There’s definitely a formula; I can always spot the cooler-than-thou destination, and the desperate filler entry
Another typical but risky move is selecting a place because of one big-ticket opening editors hope will materialise the following year. Take Egypt, or specifically Cairo, which has made these lists several years running due to the “imminent opening” of its Grand Egyptian Museum. The earliest write-ups I can find were for where to go in 2022 (written up in late 2021). As we move into 2024, the museum has just started doing limited test tours, with an official opening date still to be announced.
Less comical are the sustainability concerns. This year, Lonely Planet lists 10 sustainable choices, some as broad as “Spain” and some as narrow as “South Africa’s ecolodges”. Greenland is included, despite concerns about the strain of tourism on its infrastructure. Spain is rightly praised for conscious improvements to its rail travel options and highlighting less well-known destinations, such as Valencia. But locals in Barcelona, with its 2.7 million cruise passengers per year and rising tourist tax, may be less than delighted to see their country listed.
“Firstly, to say an entire country is ‘sustainable’ is inaccurate and disingenuous,” says Julie Cheetham, managing director of travel sustainability platform Weeva. She’s working to rid the travel industry of greenwashing and casual green labels, digging into the science behind the S-word. “For every destination, there are specifics involved, from water resources being misused by hotels to cruise ships bringing in too many tourists.” Rather than just accepting that a destination is sustainable at first glance, she is urging travellers to use online data to fact-check the situation on the ground.
“Where are residents up in arms about tourism, for example?” Cheetham asks, referencing Hawaii in the wake of the fires in Maui, and Amsterdam’s response to rowdy nightlife. Regarding South Africa’s ecolodges, she says: “South Africa has a coal-fired grid, so it very much depends on which lodge. Do they have access to renewable energy? If they have electric vehicles, are they plugging them into that grid? If an eco-lodge is running on a carbon-intensive grid, it’s a bit of a misnomer.”
New sustainable openings being used as a reason to visit is also a complex matter. “There’s a trend, in Africa but also across Southeast Asia, of new properties popping up constantly and being labelled as ‘eco’,” says Cheetham. “We have to be scrupulous and, say, when are there enough beds in a destination? If there’s enough supply, can we refurbish and renew?”

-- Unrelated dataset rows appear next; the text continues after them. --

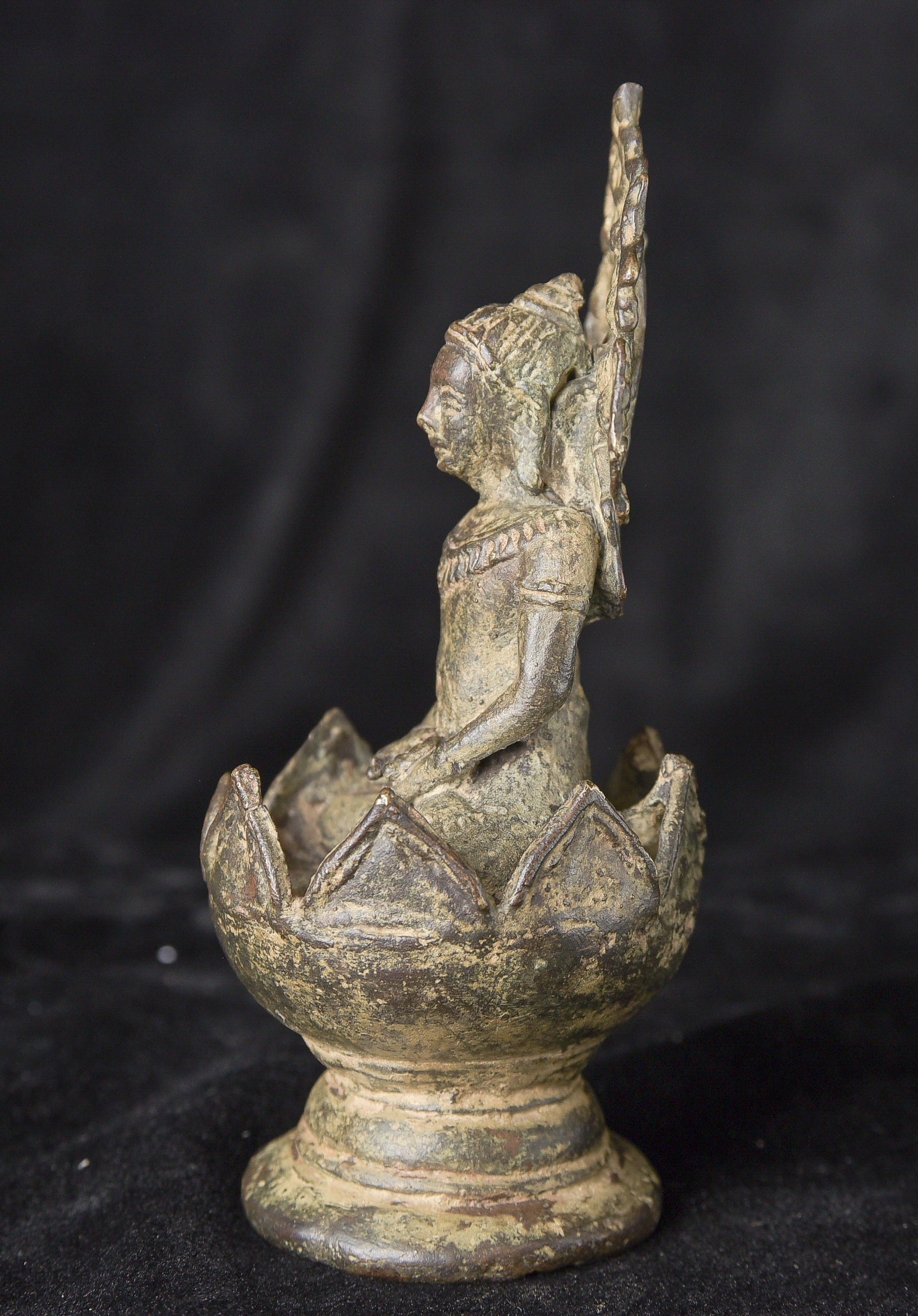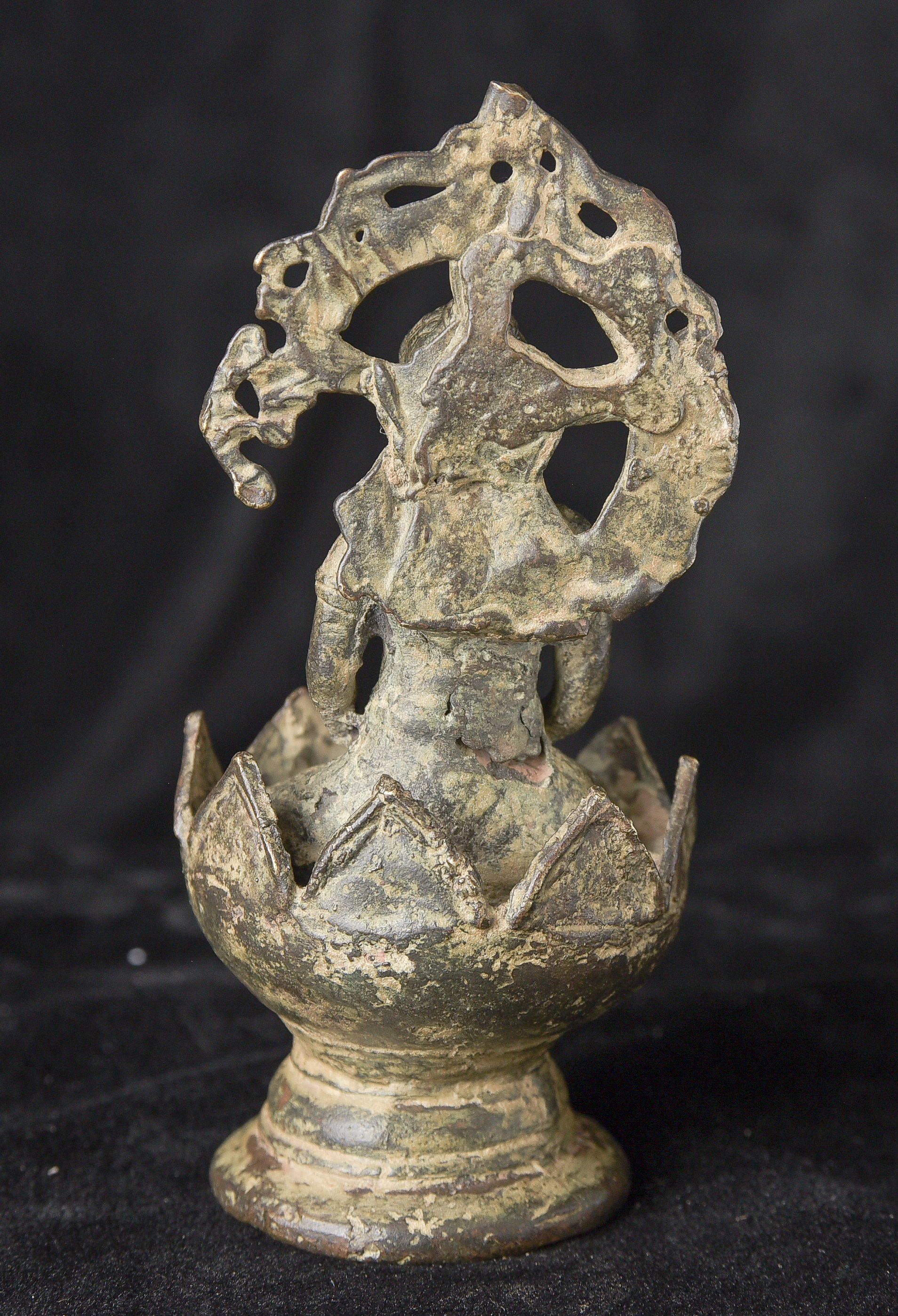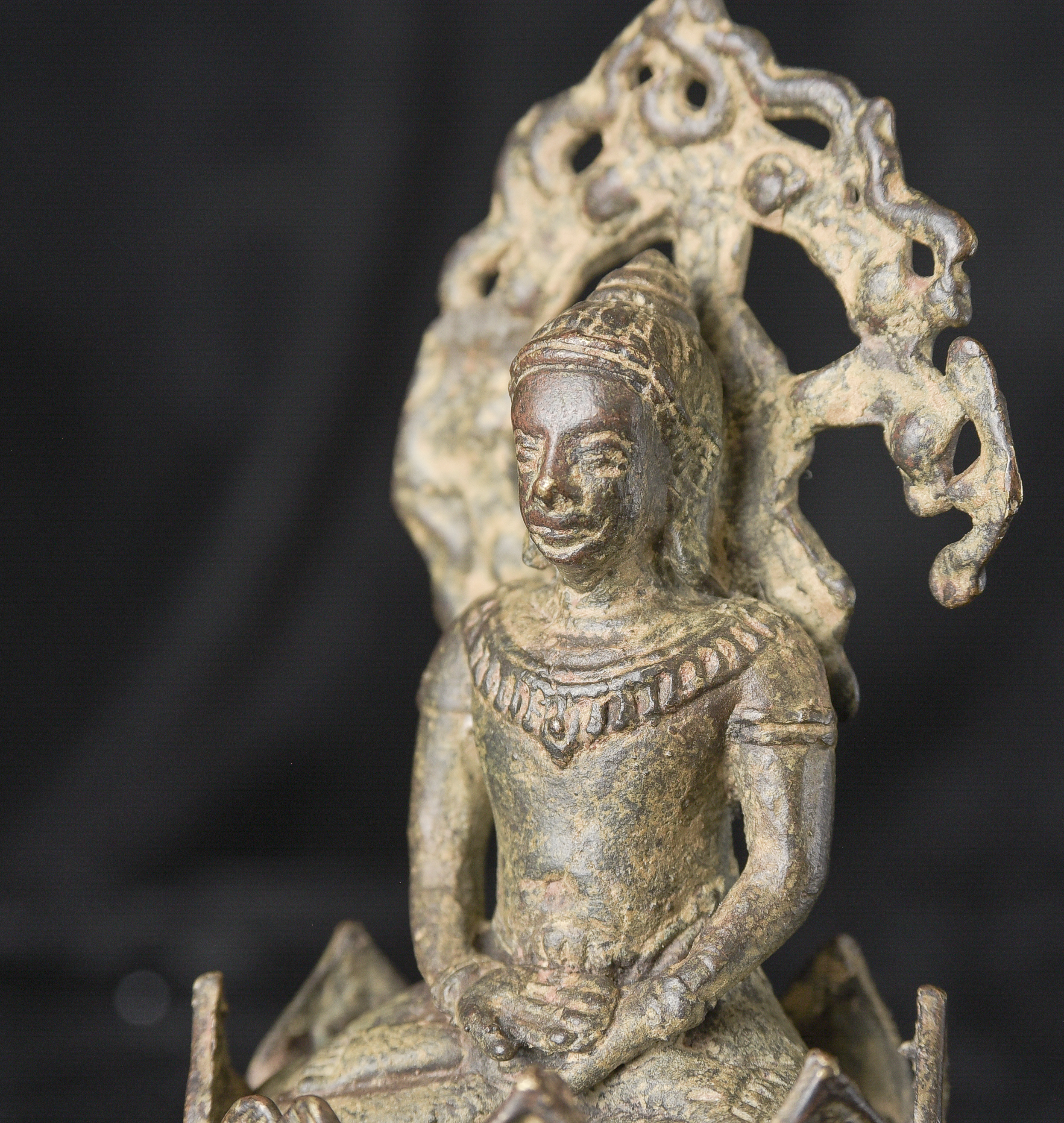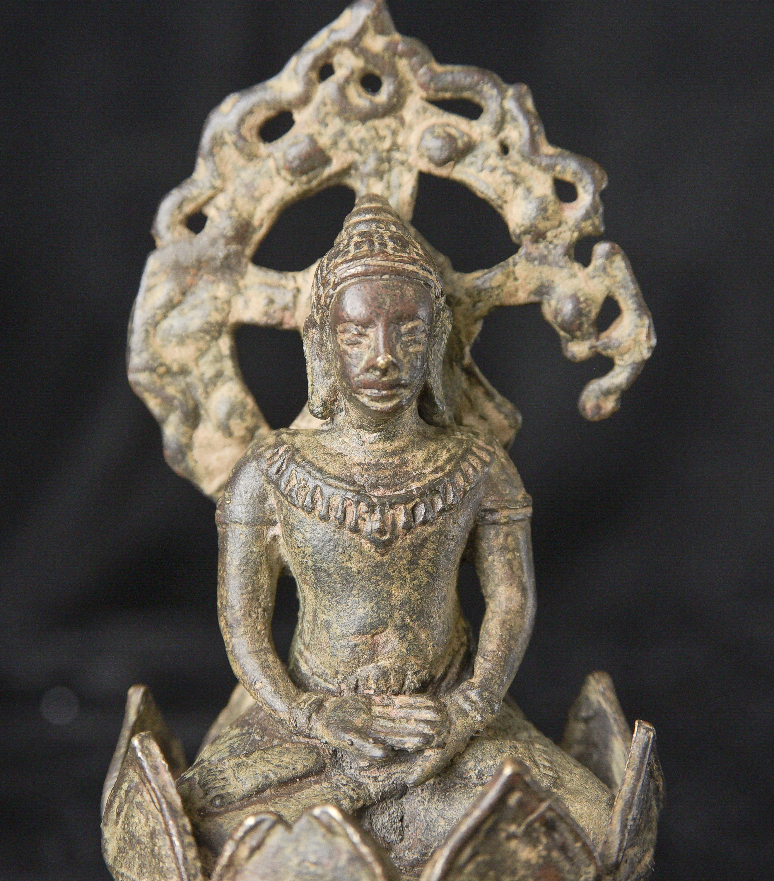 Deeply serene, unusual Java Buddha, 14th-17th Century or earlier. This is a very uncommon type. I have seen three of this type in 30+ years of searching. The last photo in the series shows two similar pieces, items 6647 and 6774. I used to believe these were Burmese, but research shows they are more likely from Java and older than I had originally thought. Domestic Packing and shipping are included. (5"H x 2.25"W x 2"D ) - 315g.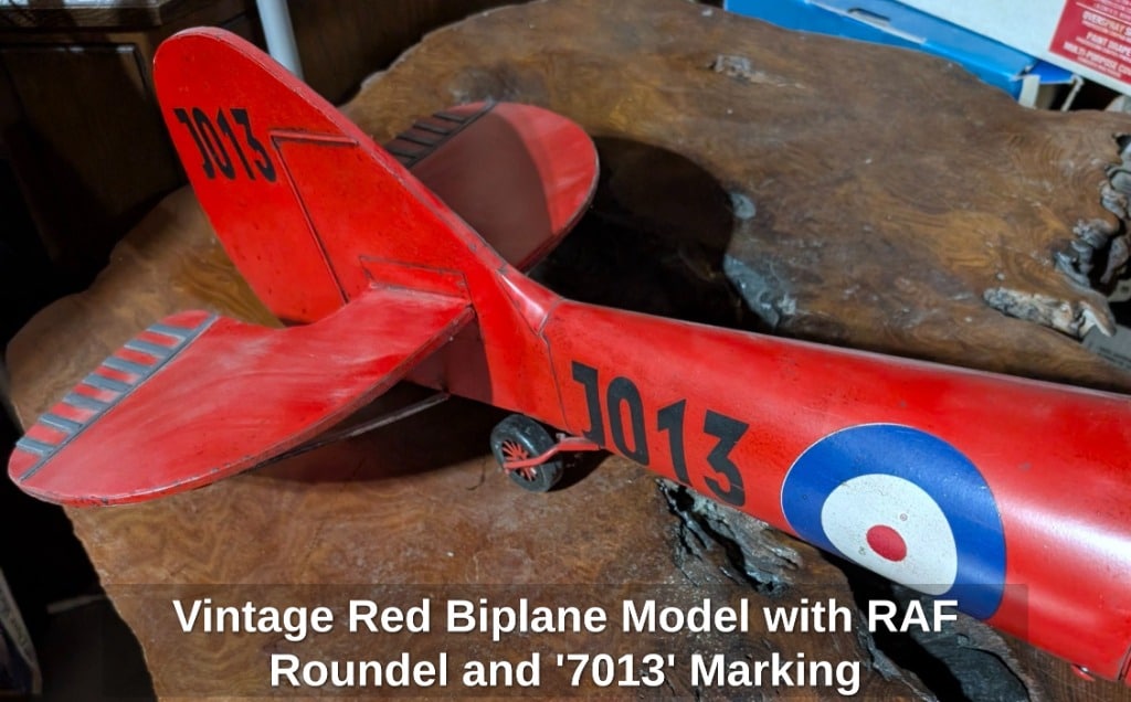 Vintage Red Biplane Model with RAF Roundel and ‘7013’ Marking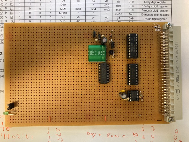 With a 3+ week turnaround for the PCB I was wondering what other feature I could usefully add and landed on including a real time clock capability. Existing RTC addon’s for Z80 boards seemed to use use I2C modules, but not wanting to implement I2C I opted for a older EPSON RTC the 72421, that I could tie directly in to Z80 IO ports. I could have gone down the route of using a RAM chip module with a build in RTC and battery but this would have meant memory mapping the clock IO which is a bit of waist given separate IO space is key Z80 feature over say a 6502. The 72421 is relativity easy to implement. The only real complexity was sorting out the battery back-up. Newer RTC’s provide a bit more help here but are much harder to find in old school dual in line packages. In the end I opted for a super capacitor over a rechargeable battery. The back-up time is only about 24 hours – still more than enough for this application. The picture on the left shows the completed RTC board, with a bit of room for maybe something else in the future. I have extended the monitor s/w to include routines to read the clock, which because of the all the text involved ended up taking most of spare room in the 2K address space.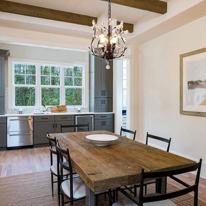 - ARTIST DESIGN: Black crystal chandelier use 5 branches with crystals design to increase the line sense of fixture, beautiful shape and strong artistic design give you a unique choice,use transparent glass crystals to capture and reflect the light of the bulb. Black, Gold two colors for optional, sparking and stunning crystal to created a warm and soft atmosphere.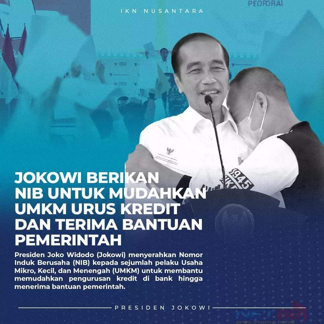 Presiden Joko Widodo (Jokowi) menyerahkan Nomor Induk Berusaha (NIB) kepada sejumlah pelaku Usaha Mikro, Kecil, dan Menengah (UMKM) untuk membantu memudahkan pengurusan kredit di bank hingga menerima bantuan pemerintah.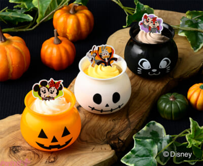 毎年好評のパンプキンプリン、チョコプリンに加え、今年はアップルカスタード味のプリンが初登場。それぞれジャック・オ・ランタン、黒猫、ガイコツをモチーフにした器入りで、上面にハロウィン仕様のディズニーキャラクターのピックが飾ります。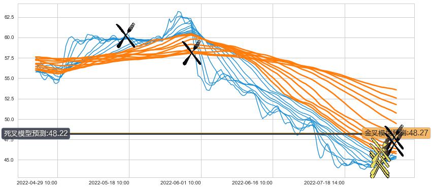 ➣ 10小时均线于(08-11 14:00: 47.73)形成【死叉】基于【死叉历史模型】预测死叉后最低波谷价格: 46.06, 死叉后最低价格46.34,尚未达到预测最低波谷价格, 预期继续下跌
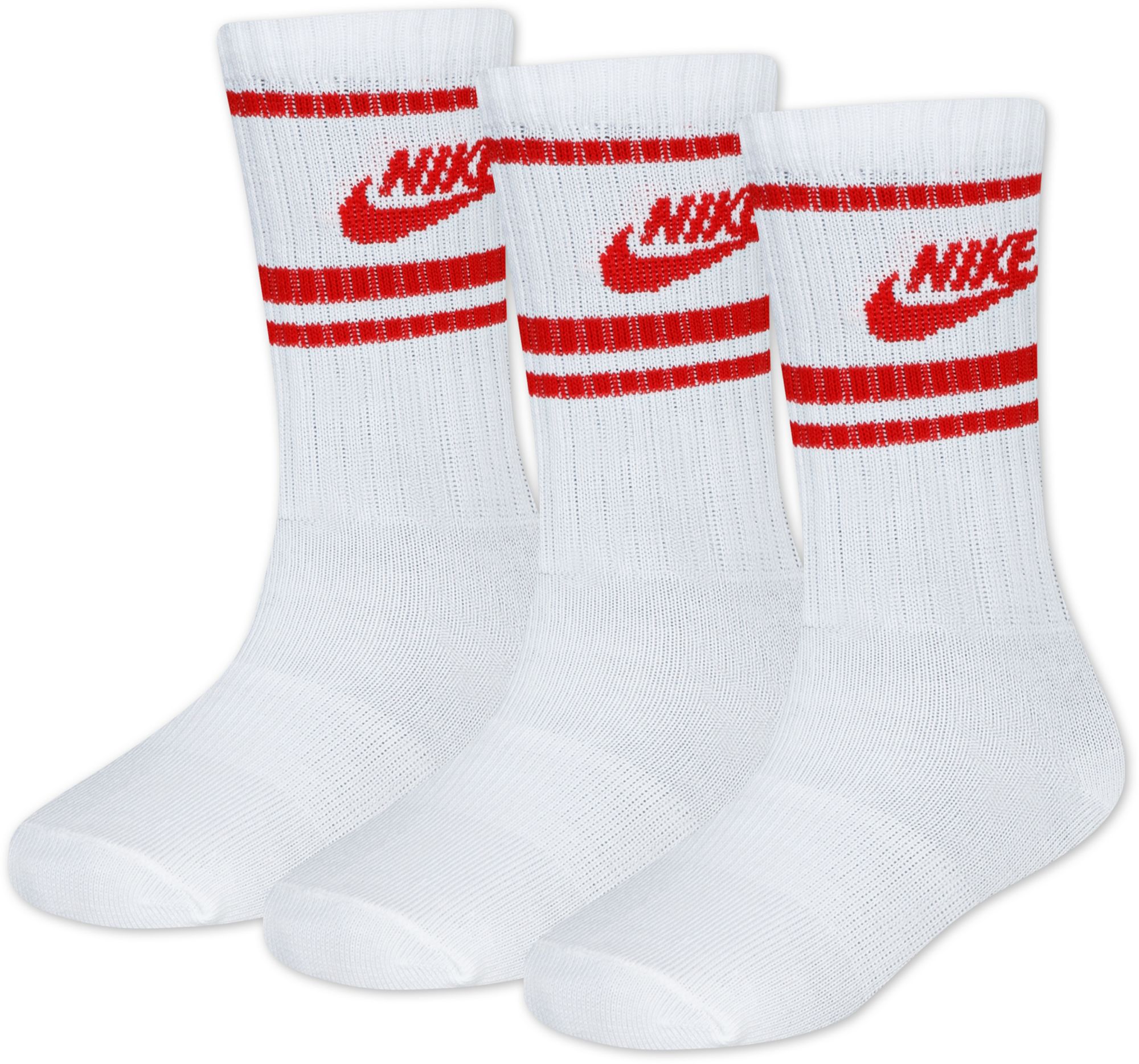 Kids can be Swooshed out down to the socks in these crew socks from Nike. They're made of a breathable cotton/poly flat knit blend boosted with quick-drying, moisture-wicking Dri-FIT technology to help keep their feet cool and dry while they play. They feature jacquard knit stripe logos and a ribbed arch support band to help ease or prevent pain while helping with balance.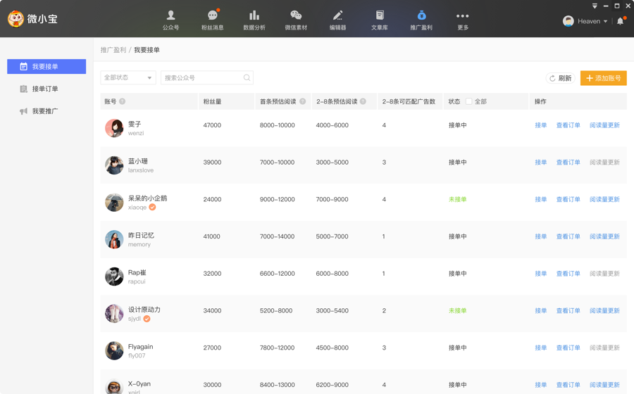 微小宝有着非常强大的管理功能,对于公众号、头条号等等内容都可以一键进行分发,并且可以同步账号数据,让用户可以轻松的完成数据查看,还有好用的账号管理需求,从而可以解决用户分析流量数据的需求。

She wants more transparent data and sustainability research tools for the consumer, so we can decide for ourselves. “We know tourism is the biggest funder of biodiversity conservation and cultural conservation globally, so we don’t want people to stop travelling. But the publishers of these lists have a responsibility to give some sensible caveats: should we go out of season? Where should we stay? Is there an over-touristed area we should avoid?”
To say an entire country is ‘sustainable’ is inaccurate and disingenuous
Julie Cheetham, Weeva
One thing worth doing, Cheetham tells me, is looking at places which have suffered a negative event in recent years (Morocco’s earthquake, Sri Lanka’s political crisis) and consciously make an effort to visit and spend money there. These rarely make the top destinations lists, yet you could make a substantial difference with one visit.
We agree that there’s room for a list that looks closer – spotlighting individual properties or regional success stories where locals have made a huge effort to turn things around, or created a tourism scene that benefits the community. But, for now, these lists aren’t cutting it. For 2024, I’m making my own.